Waffenkammer des Großmeisterpalastes

(Palace Armoury)

;

Die Waffenkammer des Großmeisterpalastes gehört zu den weltweit größten Sammlungen ...

Die Waffenkammer des Großmeisterpalastes gehört zu den weltweit größten Sammlungen …

.

Trotz großer Verluste in der jüngeren Vergangenheit zählt die Waffenkammer des Großmeisterpalastes weltweit zu den größten Waffensammlungen des 16. bis 18. Jhd’s. Anhand ihrer Exponate können 300 Jahre Entwicklung der Waffentechnik vom 15. Jhd. an, als der Orden noch auf Rhodos saß, bis zur französischen Okkupation 1798, als der Orden Malta verließ, nachvollzogen werden.
Sie umfaßt Rüstungen, schneidende und Feuerwaffen aus allen europäischen Waffenschmieden der verschiedenen Perioden daneben auch etliche, vornehmlich türkische Beutewaffen und einige kuriose Stücke.
Darüberhinaus ist die Waffenkammer ein seltenes Beispiel für ein in Betrieb befindliches Zeughaus, das neben Prestige-Waffen der Adligen die Gebrauchsausrüstungen vom einfachen Soldaten bis zum Offizier enthielt und im Bedarfsfall 25.000 Kämpfer ausrüsten mußte.
Heute zählt die Sammlung noch 5.700 Stücke.

.

Geschichte

1604 wurde unter Großmeister Alof de Wignacourt (1601-22) das Arsenal in den Palast überführt.
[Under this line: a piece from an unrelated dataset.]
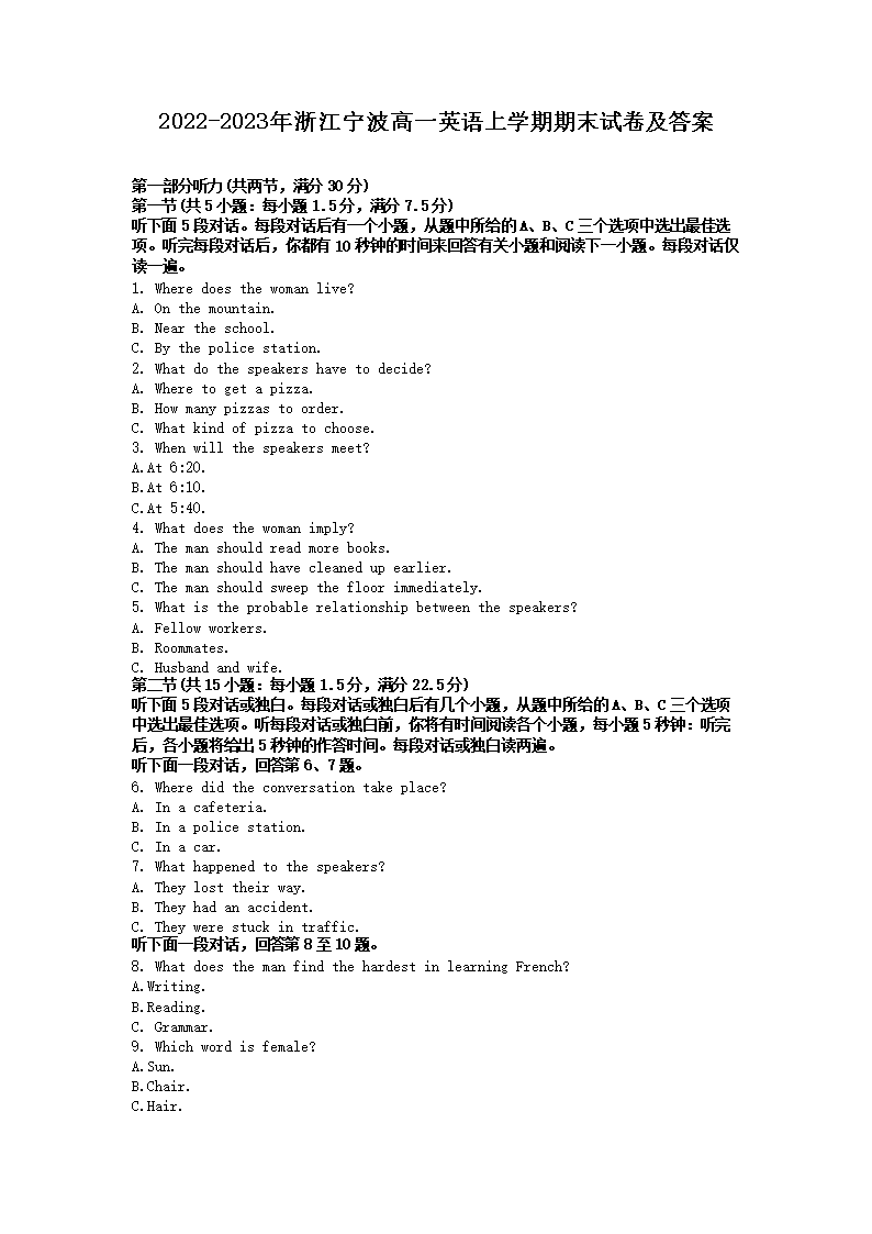 【文档预览】 文档大全网整理发布2022-2023年浙江宁波高一英语上学期期末试卷及答案(Word版),前五页预览如下:

Die neue Waffenkammer wurde in dem riesigen Saal, der sich auf der Gebäuderückseite über dessen gesamte Länge erstreckte, eingerichtet.
Der ‘Sala d’Armi del Palazzo’ mit seinen beeindruckenden Waffen wurde mit Vorliebe auch ausländischen Besuchern vorgeführt und bekam so allmählich auch eine repräsentative Bedeutung.
Zum Ende der Ordensherrschaft hin wurde die Waffenkammer leider zunehmend vernachlässigt.

.

Während der zweijährigen französischen Besatzungszeit und zu Beginn der Britischen Herrschaft wurden immer wieder Teile der Sammlung verschickt. Die britische Regierung beabsichtigte die Sammlung zur sicheren Aufbewahrung nach London zu bringen, was zum Glück nie vollständig verwirklicht wurde. 1850 wurde die Waffenkammer geräumt um Platz für moderne britische Waffen zu schaffen, die 1855 unter Gouverneur William Reid (1851-58) wieder entfernt wurden. Ein letzter Versuch die besten Stücke nach England zu bringen wurde 1857 glücklicherweise aufgegeben.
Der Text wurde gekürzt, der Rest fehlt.